Huffington's got an edge over most other media critics of Wall Street, because she was a Reagan Republican — she has particular knowledge of the mindset of pols on the right who hate regulation. Here's Huffington on Summers:

As Treasury Secretary under Clinton, Summers played an important role in convincing Congress in 1999 to pass the Gramm-Leach-Bliley Act, which repealed key portions of the Glass-Steagall Act and allowed commercial banks to get into the mortgage-backed securities and collateralized debt obligations game. The measure also created an oversight disaster, with supervision of banking conglomerates split among a host of different government agencies -- agencies that often failed to let each other know what they were doing and what they were uncovering.

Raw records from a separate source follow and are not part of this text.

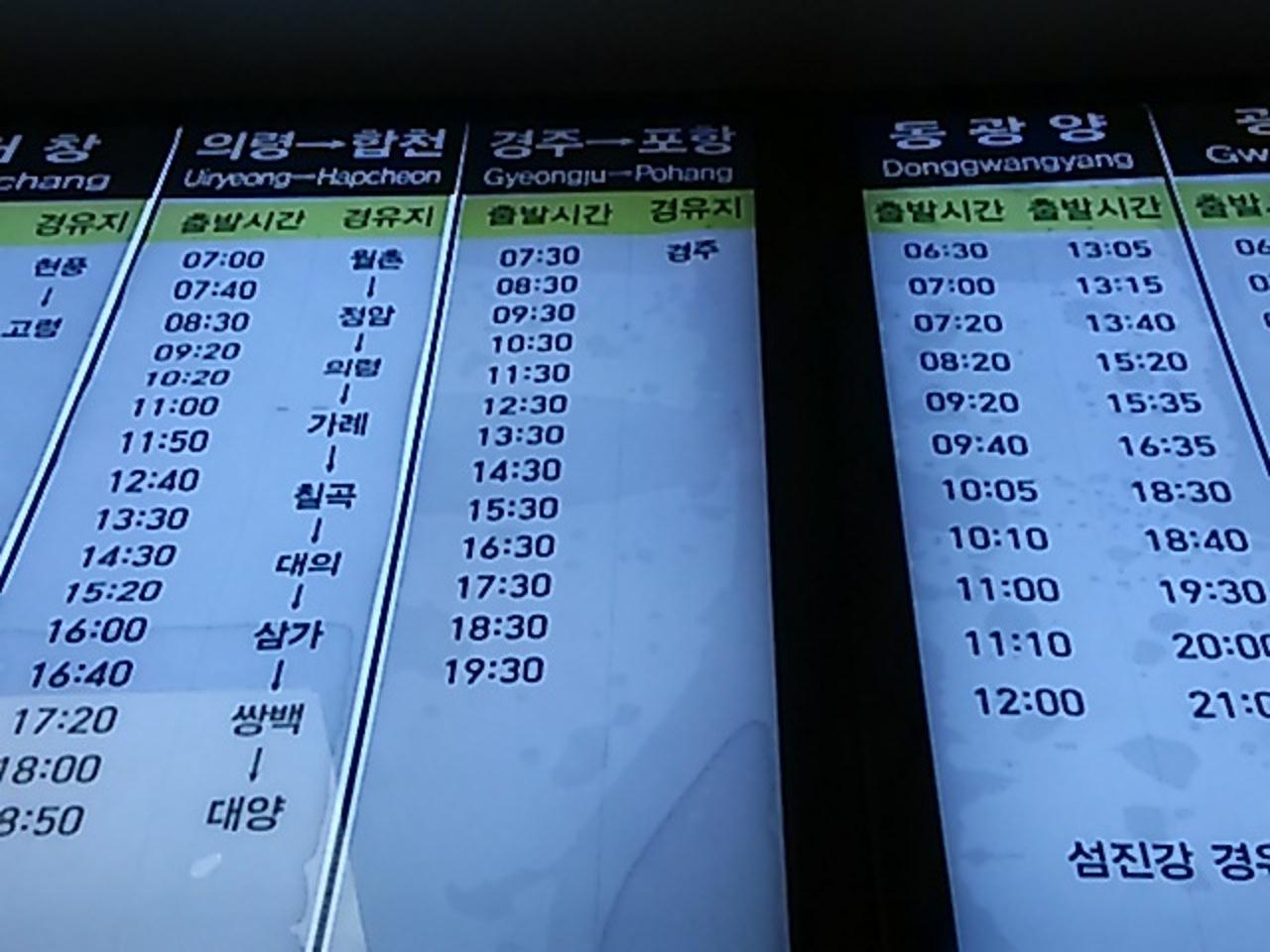慶州経由浦項行きバス
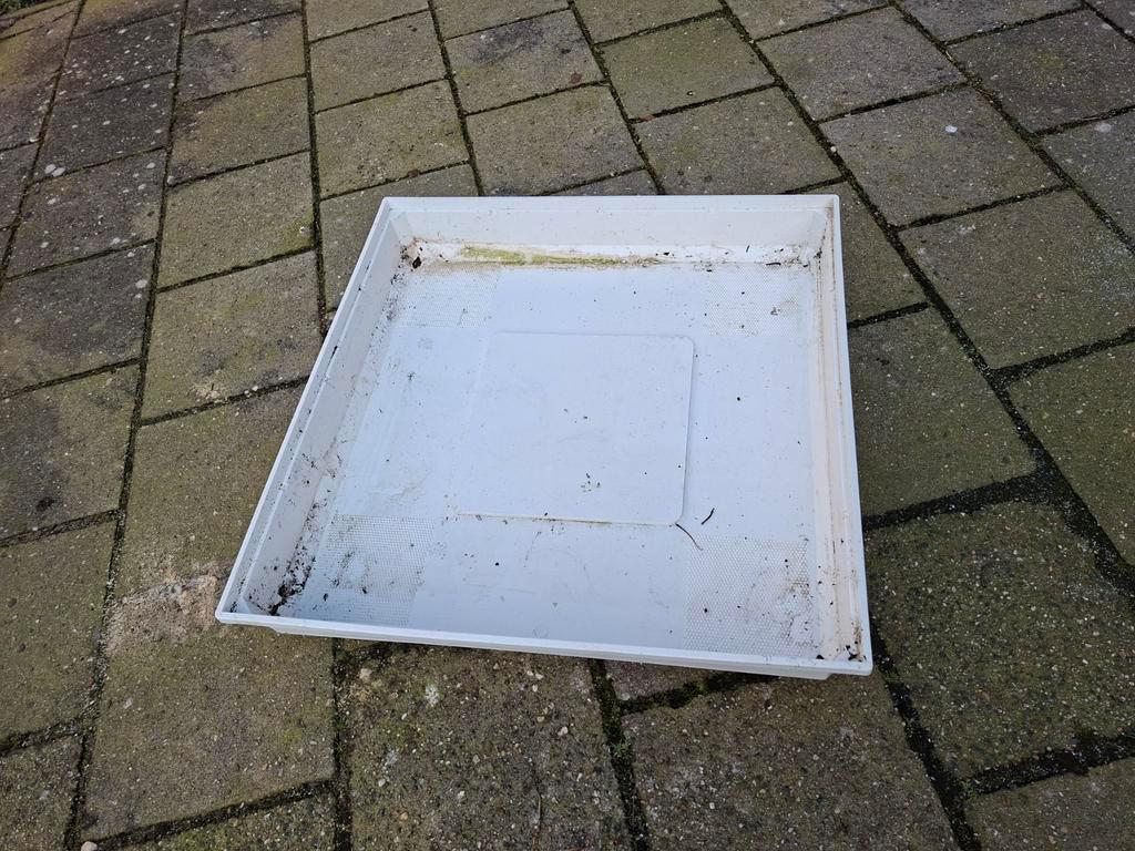 Witte lekbak voor onder een wasmachine of droger. De bak is gebruikt, maar in goede staat. Het is een handige manier om water op te vangen bij lekkage en schade aan de vloer te voorkomen.
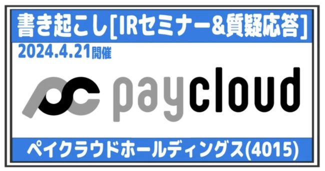 [書き起こし]ペイクラウドホールディングス(4015) IRセミナー・質疑応答 2024.4.21開催
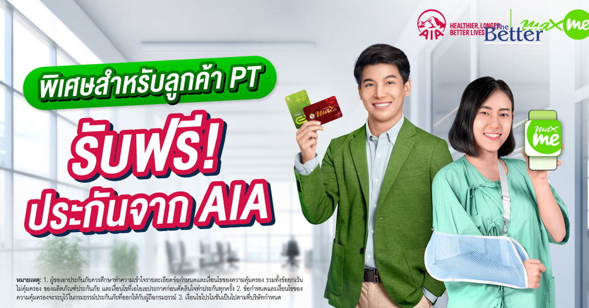 แมกซ์ โซลูชัน จับมือ เอไอเอ ประเทศไทย มอบประกันอุบัติเหตุฟรี คุ้มครองสูงสุด 100,000 บาท พร้อมจัดเต็มสิทธิประโยชน์มากมาย สำหรับสมาชิกแอปพลิเคชัน Max Me และ PT Max Card
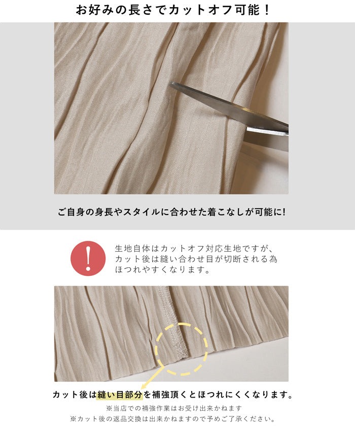 注目したいのは「セルフカット」対応の仕様。ご自身の身長やスタイリングに合わせて好きな長さにカットして着用することができます。切った後は縫い目部分がほつれやすくなるため、縫い目の補強をおすすめしますが、自分好みの丈感ではけるという自由度の高さはうれしいポイントです。また、ポケットも付いているのも◎。
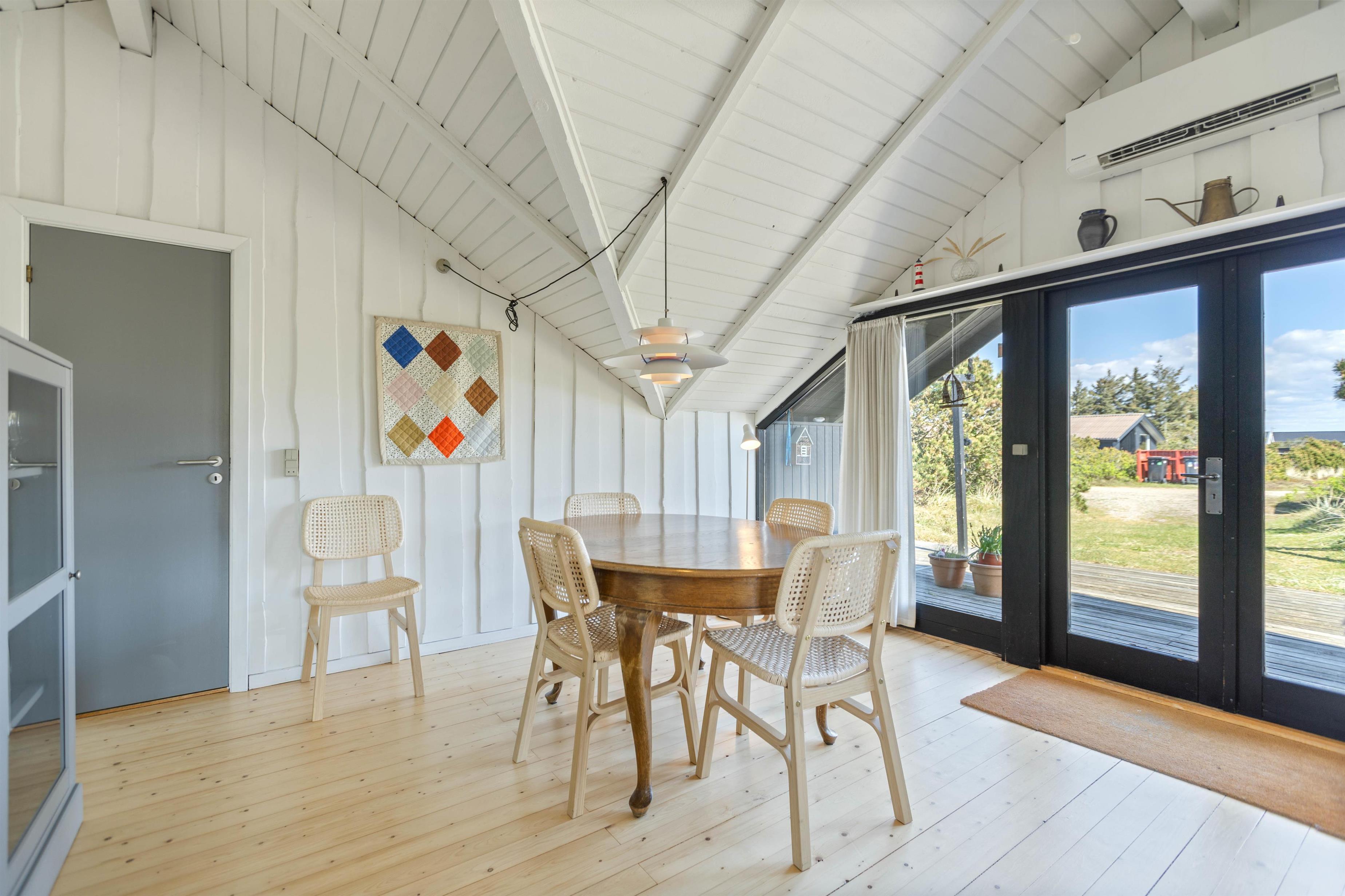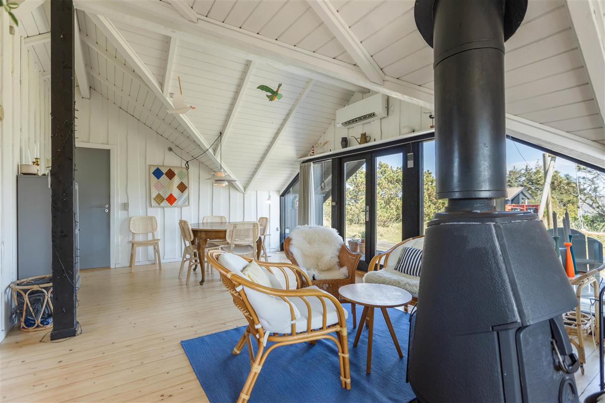 Three bedrooms offer a double bed, two single beds and a cabin bed for children, providing peaceful retreats after an exciting day at the Danish West Coast beach. The holiday home features an energy-efficient heat pump for heating, which can be activated whenever needed.
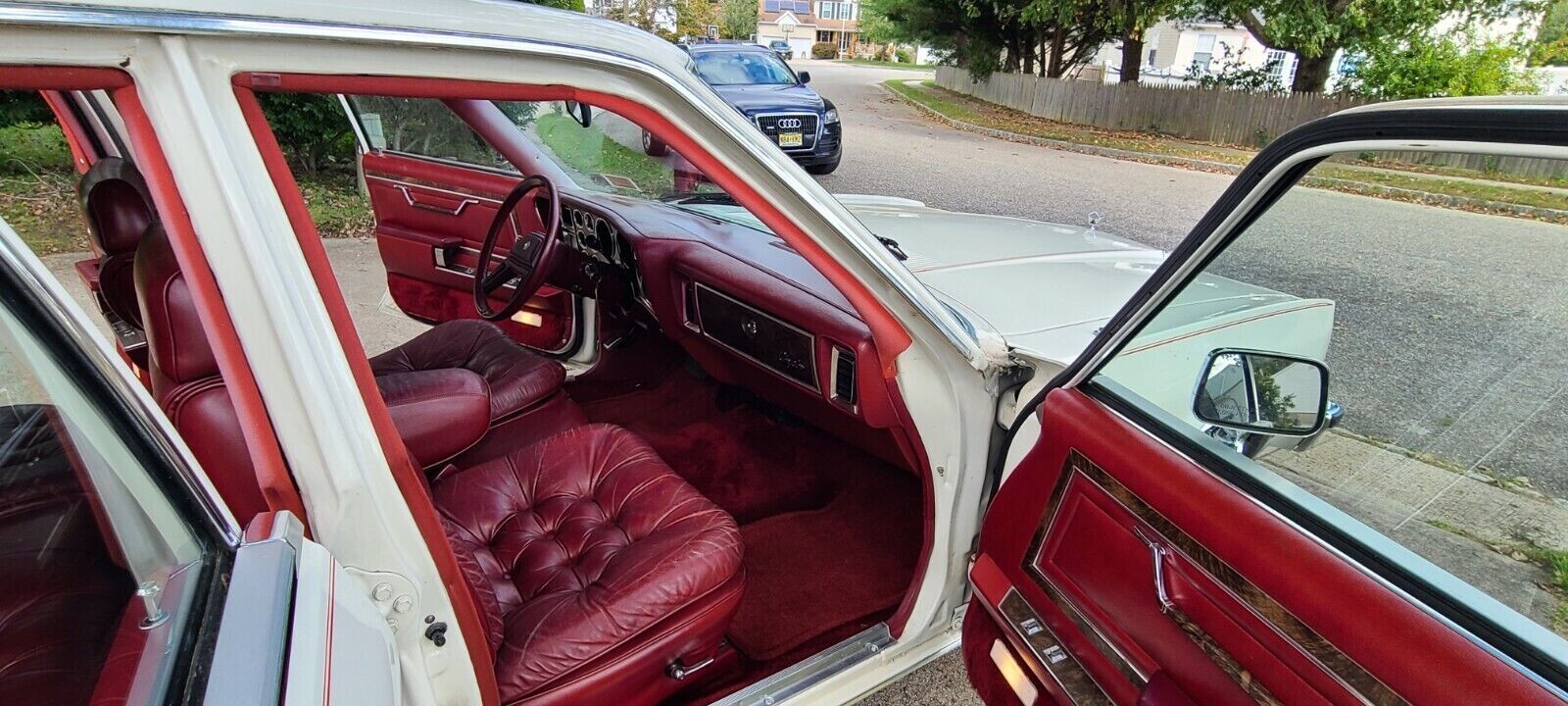 Look at that interior! The seller’s description is spot on, noting that it mimics the one you’d “….find in your Italian grandmother’s living room (not the one you sit in, the one for company).” The tufted leather is in outstanding condition, and I can’t imagine too many 5th Avenues came in this color scheme – it’s too racy! The lipstick red door panels, carpets, and leather upholstery point to an original owner who had very specific requests when ordering his luxury sedan.

Right to the point is the revealing slice of history Huffington dredges up to make her point that Summers also spoke up strongly in favor of what she rightly calls a "time bomb": Senator Phil Gramm's other measure that let these conglomerates-in-the-making create and trade derivatives — without regulation.

Those derivatives were manufactured by the kind of "financial engineering" that Volcker sneers at. Here's a last little bit from Huffington's own post:

Indeed, during a 1998 Senate hearing, Summers testified against the regulation of the derivatives market on the grounds that we could trust Wall Street. "The parties to these kinds of contract," he said, "are largely sophisticated financial institutions that would appear to be eminently capable of protecting themselves from fraud and counterparty insolvencies and most of which are already subject to basic safety and soundness regulation under existing banking and securities laws."

It would be hard to make assumptions that turned out to be more wrong than Summers' were.

Yet Obama has chosen Summers over Volcker. Kind of self-defeating if the president wants to pass a sweeping social agenda while at the same time he's not sending Wall Street to reform school but instead financing the bankers' revival of their reckless trading practices.

While the Europeans are crying for more regulation of the financial markets, Summers will be standing up for out-of-control business as usual on Wall Street — as soon as we take care of this pesky recession problem by keeping the focus on bailing out the bankers.